`pliable`

is a package that fits the pliable lasso, a new method for obtaining sparse models for supervised learning problems. The pliable lasso takes as input the usual feature matrix X and response y , but also a matrix of modifying variables Z. These variables may be continuous or categorical. The pliable lasso model is a generalization of the lasso in which the coefficients multiplying the features X are allowed to vary as a function of the modifying variables Z.

We introduce some notation that we will use throughout this vignette. Let there be \(n\) observations, each with feature vector \(x_i \in \mathbb{R}^p\) and response \(y_i\). Let \(X \in \mathbb{R}^{n \times p}\) denote the overall feature matrix, and let \(y \in \mathbb{R}^n\) denote the vector of responses. Finally, let \(Z \in \mathbb{R}^{n \times nz}\) denote the matrix of modifying variables.

`pliable`

fits the model

\[ \hat y = \beta_0+ Z\theta_0+ \sum_j X_j(\beta_j + Z\theta_j)\]

where \(X_j\) is the \(j\)th column of \(X\). Here each \(\beta_j\) is a scalar and each \(\theta_j\) is a vector of length \(nz\). The model is fit with penalties that encourage both \(\beta=(\beta_1, \ldots \beta_p)\) and each \(\theta_j\) to be sparse, and also a hierarchy constraint that allows \(\theta_j\) to be non-zero only if \(\beta_j\) is non zero. Note that each \(\theta_j\) represents an interaction between \(X_j\) and all of \(Z\). Details of the optimization may be found in the paper by Tibshirani and Friedman arXiv.

`pliable`

uses cyclical coordinate descent, which successively optimizes the objective function over each parameter with all other parameters fixed, cycling repeatedly until convergence. The interaction terms \(\theta_j\) are estimated by proximal gradient descent.

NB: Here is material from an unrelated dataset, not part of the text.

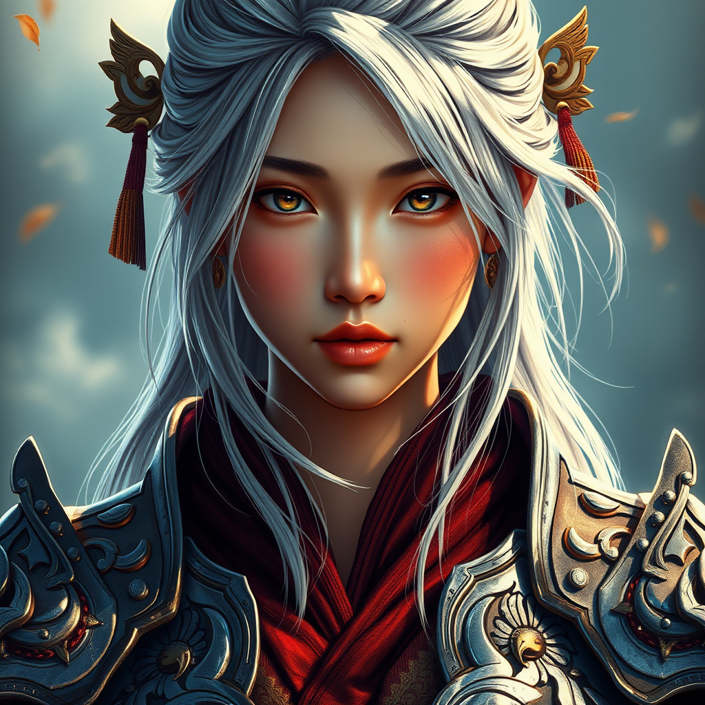 Poster of a stunning young Asian warrior, captivating expression, beautiful full-body portrait, sun-kissed olive skin, shoulder-length silvery hair, elegant yet protective armor, intricate and refined design, hyperrealistic details, cinematic lighting, highly detailed artwork, digital illustration, digital painting, masterpiece, awe-inspiring, advanced light effects with raytracing, vibrant colors, ethereal atmosphere, 16:9 aspect ratio.
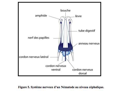 Le système nerveux des Némathelminthes est assez rudimentaire, constitué de cordons nerveux longitudinaux (nerfs sensitifs et moteurs) et d’un collier nerveux ou anneau nerveux entourant l’œsophage musculaire (périoesophagien) (Figure 5).

The package also includes methods for prediction and plotting, and a function which performs \(k\)-fold cross-validation.

We begin by installing `pliable`

from CRAN. Type the following command in R console:

`install.packages("pliable")`

This command downloads the R package and installs it to the default directories. Users may change add a `repos`

option to the function call to specify which repository to download from, depending on their locations and preferences.

Alternatively, users can download the package source at CRAN and type Unix commands to install it to the desired location.

The purpose of this section is to give users a general sense of the package. We will briefly go over the main functions of the package, as well as some key options. More details are given in later sections.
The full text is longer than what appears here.